リロケーション

リロケーションとは

リロケーションとは、転勤等で一定期間留守宅になる物件を賃貸物件として、貸し出すことです。単身赴任で購入していた、所有物件を貸し出す場合も該当します。

 

大手企業、中小企業を問わず会社勤務には転勤がつきものです。その為、マイホームを購入後すぐに転勤となるケースも多く存在します。会社から住宅手当が支給されていることが多いかと思いますが、転勤になったとしても住宅ローンの返済を免れません。

それらの事情もあり、転勤で空き家として放置しておくよりは、賃料収入も入ってくる賃貸に出したいと考えられることも多くあります。しかし、一度賃貸物件として借主と賃貸借契約を締結してしまうと、やっとの思いで購入した夢のマイホームを転勤等から戻ってきた時に、賃借人に明け渡してもらえなく所有者自身で住むことができない可能性があります。転勤者が所有の物件を貸し出す場合、一定期間後戻ってくるケースも想定した上での、賃貸借契約が必要となります。

このリロケーションは以前からありましたが、普及が進みだしたのは2000年に「定期借家契約」が可能となってからです。「普通賃貸借契約」では借主保護の観点で制定されている借地借家法で様々な制限があります。

 

⇒「普通賃貸借契約」と「定期借家契約」の違い、成立要件などの詳細はこちら

 

この「定期借家契約」が可能となったことで、更新が無い契約(双方の合意により再契約可)・1年未満の短期賃貸借契約が可能となりました。

一時使用目的の賃貸借契約は以前からありますが、1年未満の賃貸借がその期間で認められるのは、「一時使用目的」が明確な場合に限られるケースが多いです。
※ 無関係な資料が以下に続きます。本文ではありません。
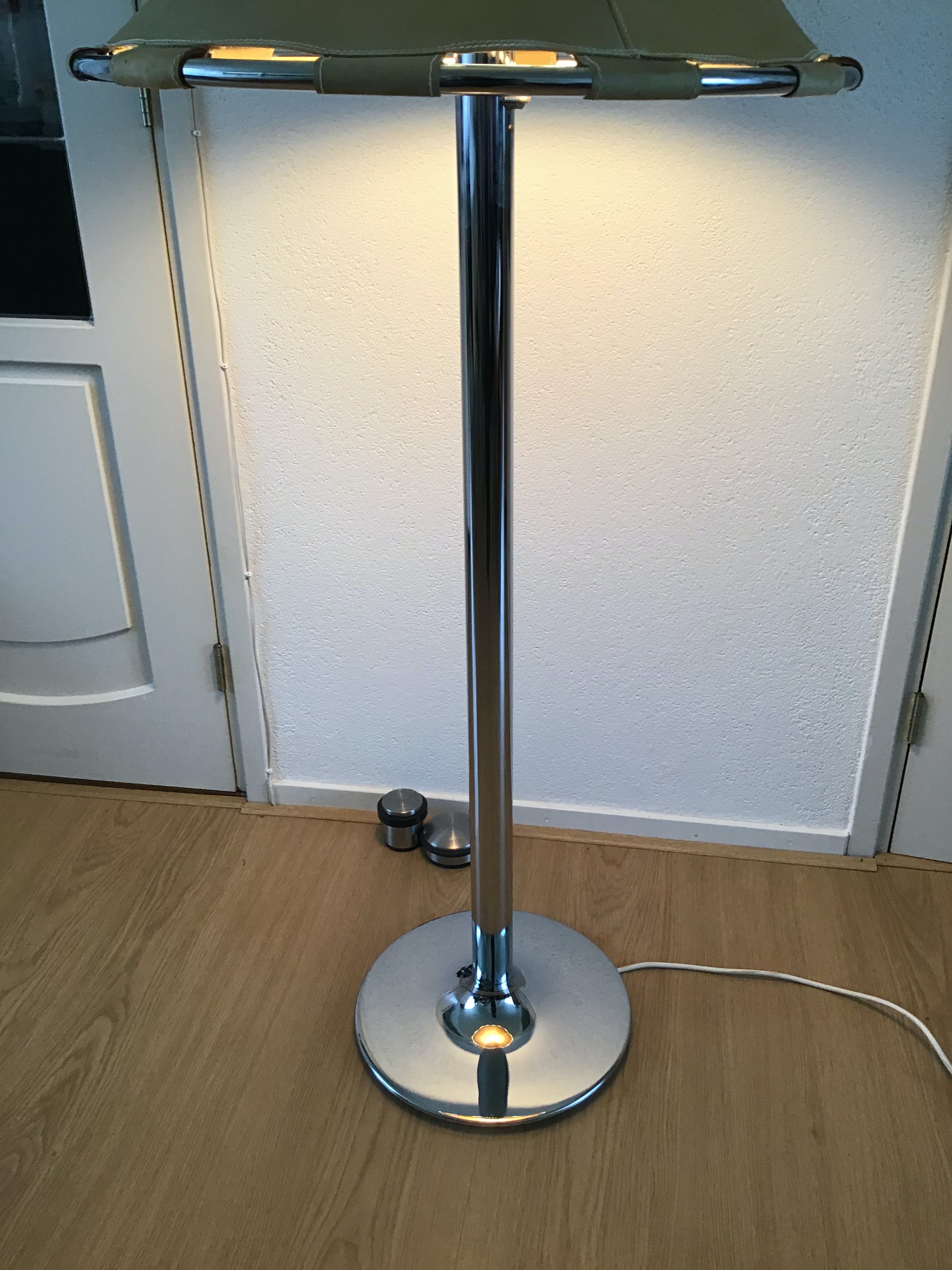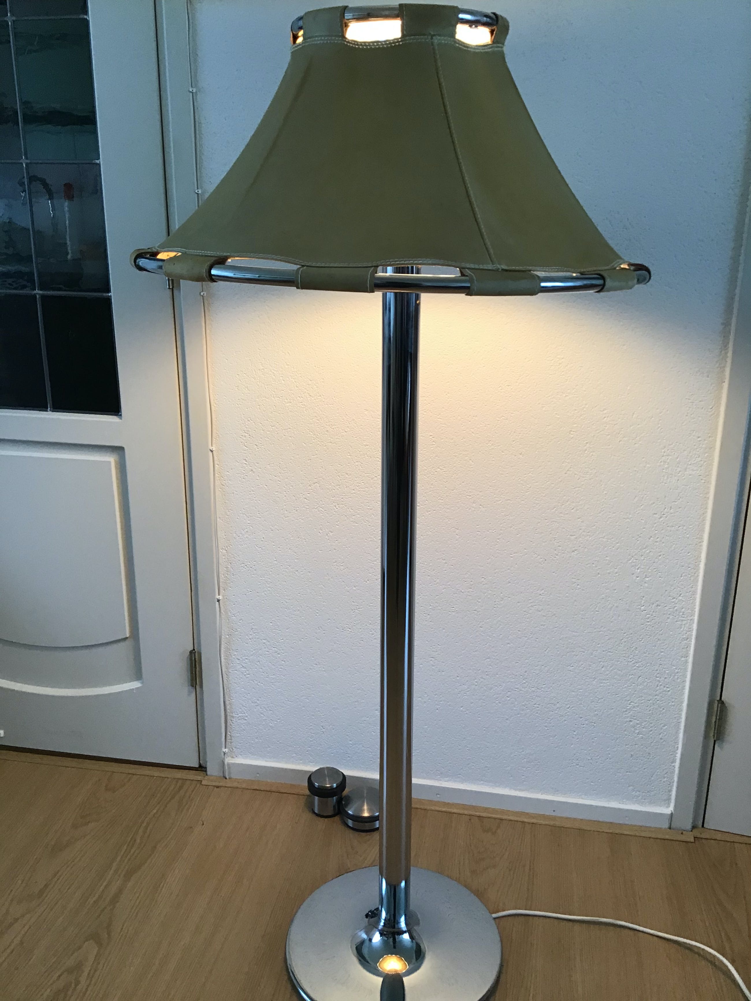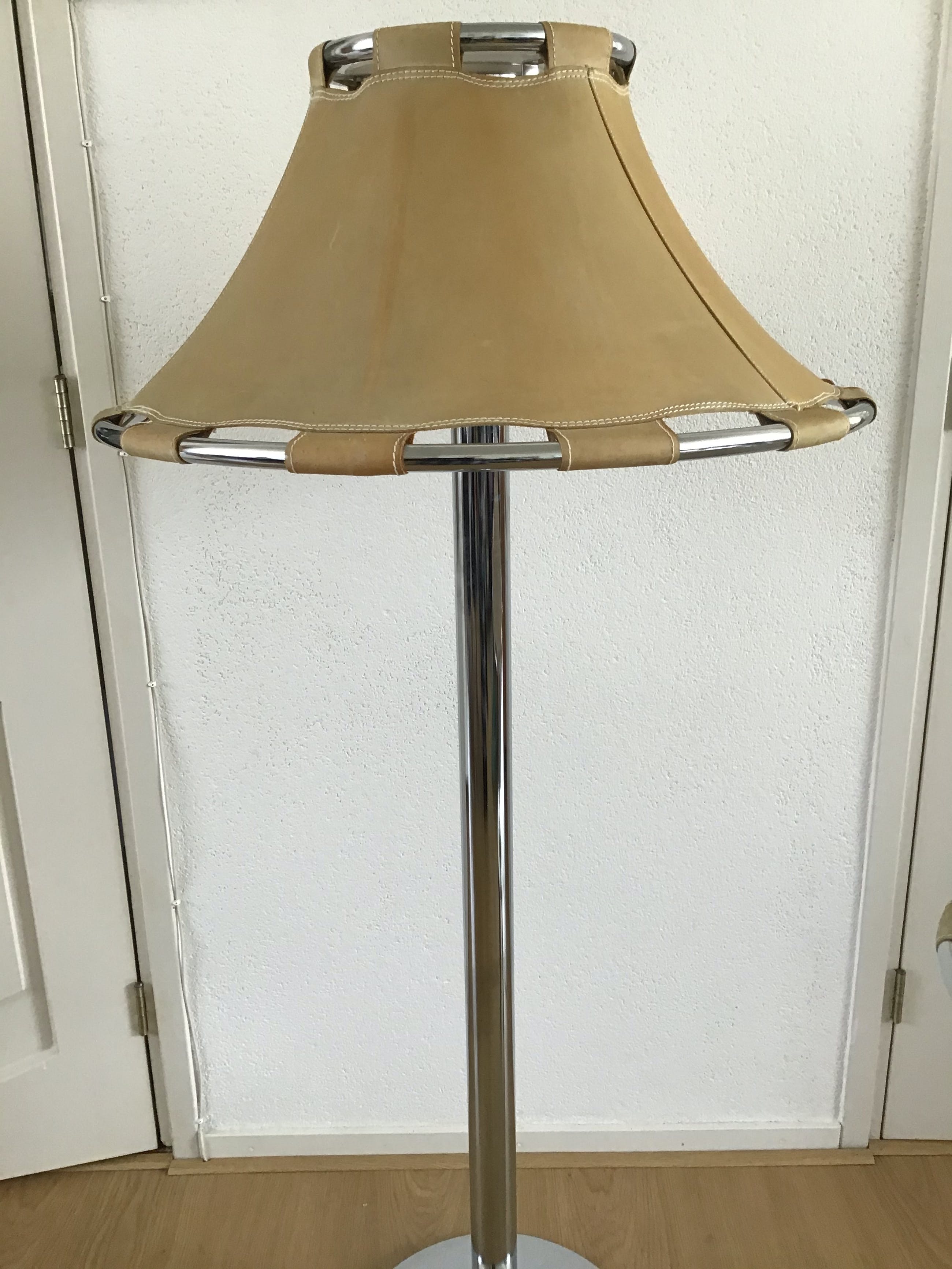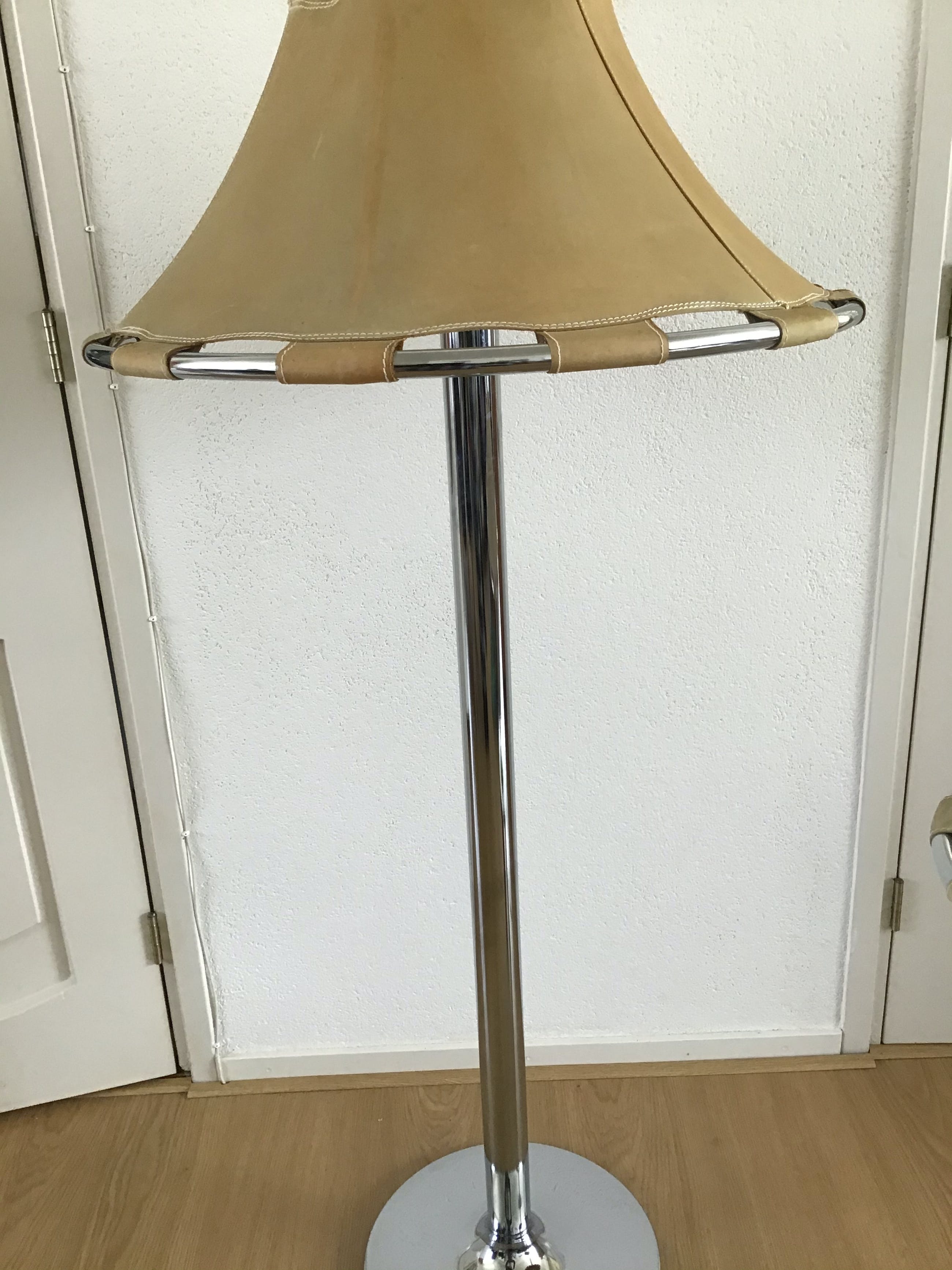 Mooie,design vloerlamp met de orgineel kalfslerenkap en verchroomde voet De lamp is in zeer goede staat alleen de kap is verkleurd. Chroom en kap zijn onbeschadigd. Met orginele gloeilamp met 3 sterktes ,60/100/160 W

更新を前提とした、1年未満の賃貸借契約の場合は「期間の定めがない賃貸借」とみなされる可能性は十分にあります。

 

更新が無い契約、つまり必ず契約が一旦終了する賃貸借契約が締結できることによって、転勤者は今後のプランに合わせて賃貸物件として貸出やすくなりました。契約が一旦終了するとはいえ、転勤が長引いたり、戻って来た後も使用する予定が無くなれば、貸主借主双方合意の上、再契約することが可能です。

 

借主のメリット

「定期借家契約」が貸主にとって有利な内容を説明しましたが、借主にとって有利なこともございます。

借主のメリット:契約期間が賃借理由の目的を達成できるものであれば、相場より安く借りることができます

定期借家契約の場合、賃料は相場の15%から20%程安く設定されていることが多いです。

また、定期借家契約としている貸主の意図も確認するべきです。当社が仲介するケースでは、定期借家契約になっている意図を伺います。その返答が本当かどうかは知る由がありませんが、下記などの目的を確認することで想定ができます。

 

主な理由

1.転勤などで一時的に使用しないだけで、転勤から戻ってきた場合、使用する為。

2.現在は売却する予定ではないが、近い将来売却を予定している為。

3.近隣相場より賃料を安く設定し、条件を良くする為。

4.賃借人とトラブルになった場合、契約満了で退去してもらえる為。

5.所有者自ら使用する予定も、具体的な売却予定も無いがとりあえず定期借家契約にしている。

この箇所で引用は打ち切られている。